Godspeed You! Black Emperor – ‘G_d’s Pee AT STATE’S END!’

Godspeed You! Black Emperor – ‘G_d’s Pee AT STATE’S END!’

Album / Constellation / 02.04.2021
Post rock

En ces temps de chaos généralisé, entre l’impasse d’un capitalisme outrancier que la pandémie a rendu plus palpable que jamais et une catastrophe climatique qui fait aujourd’hui office de fatalité, le retour de GY!BE semblait inéluctable. Les visions apocalyptiques et injonctions politiques des anarchistes montréalais paraissent indéniablement dans l’air du temps à l’heure où l’effondrement et le fameux ‘monde d’après’ sont désormais régulièrement au centre du débat public.

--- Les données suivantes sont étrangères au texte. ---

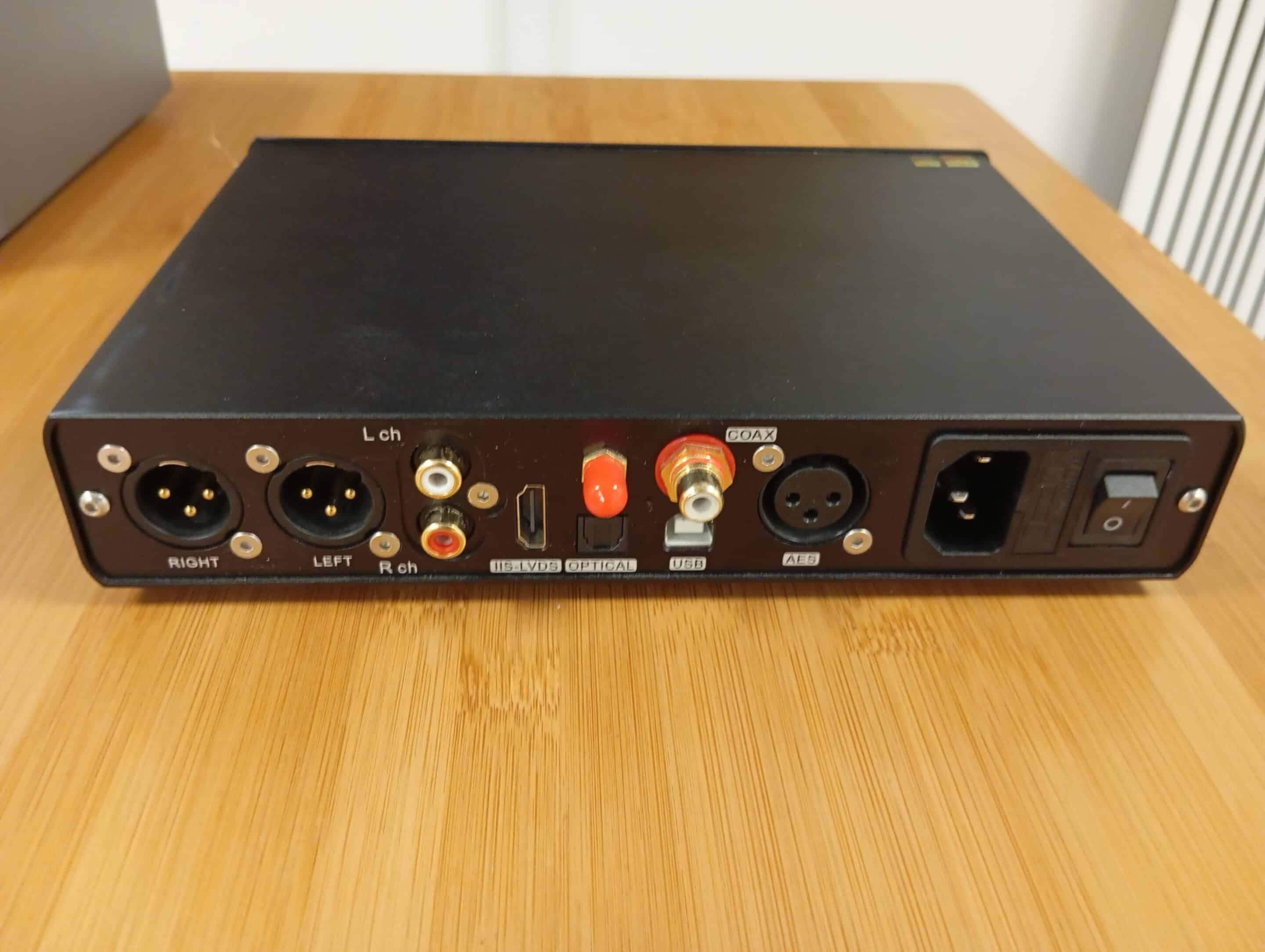 Med USB, coaxial, optisk, XLR och I2S digitalingång.

Septième album des vénérés hérauts de l’apocalypse, qui ont largement contribué à donner ses lettres de noblesse à un genre post-rock parfois décrié, G_d’s pee AT STATE’S END! ne dévie pas de la trajectoire imprimée depuis leurs premiers disques et de ce rock orchestral à l’ampleur démesurée. Enregistré au début de la deuxième vague avec l’aide de Jace Lasek (The Besnard Lakes), on y retrouve les collages sonores délaissés un temps par le groupe et qui viennent à nouveau peupler leurs fresques antimilitaristes de figures spectrales.

À l’instar de Allelujah! Don’t Bend! Ascend!, ce nouvel album se compose de deux longues épopées aux titres interminables et de deux plages plus calmes. Dans la lignée de leurs meilleurs œuvres, le morceau d’introduction construit une irrésistible tension dramatique en faisant surgir d’un brouillard de messages militaires et autres fritures radiophoniques un hymne de guitare dégoulinant de fuzz. S’ensuit une marche guerrière formant un climax hargneux et implacable pour se terminer, après d’énièmes rebondissements, sur un paysage faussement paisible que l’écho des explosions lointaines ne parviendra plus à troubler.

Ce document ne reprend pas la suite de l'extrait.